As many highly transactional environments are extraordinarily complex, not every permutation can be tested. As a result, in a production environment, a transaction may act in a novel way, certainly not delivering best execution and likely contributing to aggregate latency.

Other recessionary factors include increased governance, regulation and government ownership for investment banks, brokerages and other organizations. BTP strategies increase speed and accuracy for transactions.

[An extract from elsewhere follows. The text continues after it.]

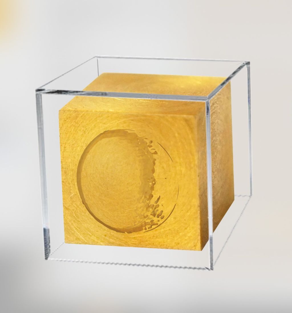 Ai partecipanti al concorso è stato chiesto di creare delle piccole opere che raccontassero la storia dell’uomo agli avventori sulla Luna, umani e non. “Per noi orafi è stato più semplice, da un certo punto di vista, perché siamo abituati a pensare in piccolo per i nostri gioielli – spiega Renzo Pasquale – .La parte difficile era riportare una grande idea nello spazio di 1cm. Io ho voluto omaggiare la mia città, Padova, con un piccolo cubo d’oro. Sopra ho potuto incidere, grazie a un macchinario laser di precisione di un’azienda in provincia di Vicenza, il viso di Galileo Galilei, il logo dell’università dove insegnò per 18 anni, un profilo dell’Italia con un puntino rosso che indica la locazione della città, le fasi lunari e la mia firma”.

Partially due to recessionary pressures to make use of what you already have and to greater realization of their power and practicality, mainframes have moved into the 21st century. As an essential part of business transaction environments, businesses require the ability to track complex transactions across all tiers of their IT infrastructures, including mainframes, whether they are running zOS or zLinux. Remember: no blind spots! This support is offered by enabling a true, comprehensive BTP strategy.

A lesson in efficient manufacturing operations

An industry-leading technology infrastructure manufacturing/distribution company powered operations with a variety of application and transaction types, including SOA, Web Services, integrations, Point of Sale, manufacturing, services and support, and others. All together, the operations team supported 300+ applications that leverage IBM MQ (which was put in place to support the manufacturing floor, integrations between sales and manufacturing systems, equipment servicing, and several other applications).

The company had developed an in-house solution for monitoring queues on MQ (around 65,000 daily) that was outdated and expensive and often did not notify the team when transactions were broken, resulting in between $750,000 and $1.5 million in costs per Severity 1 problem. Especially for a large company like this one, numbers like these are at stake when you don't have an effective monitoring platform that provides 360-degree situational awareness.

To replace the old system, the manufacturer/distributor put a well-known commercial BTP solution in place. The BTP solution provided a unique and comprehensive situational awareness that combined transactional, operational and business KPI data and correlated it using a complex event processing engine to proactively notify and take action before users are impacted.

When all was said and done, based on the solution's ability to predict problems, Severity 1 problems were reduced from 15 per year to one in the past year and a half, saving the company $15,500,000 annually. On top of that, the company was able to save $350,000 annually in staff fees. Trouble tickets were reduced by 70 percent, customer satisfaction improved, and Tier 1 was able to handle many more customer problems than before.

By identifying pain points before they were reached, the company was able to save themselves time, hassle and money. This could only be achieved by putting cutting-edge technology in place as a method for proactive application performance management.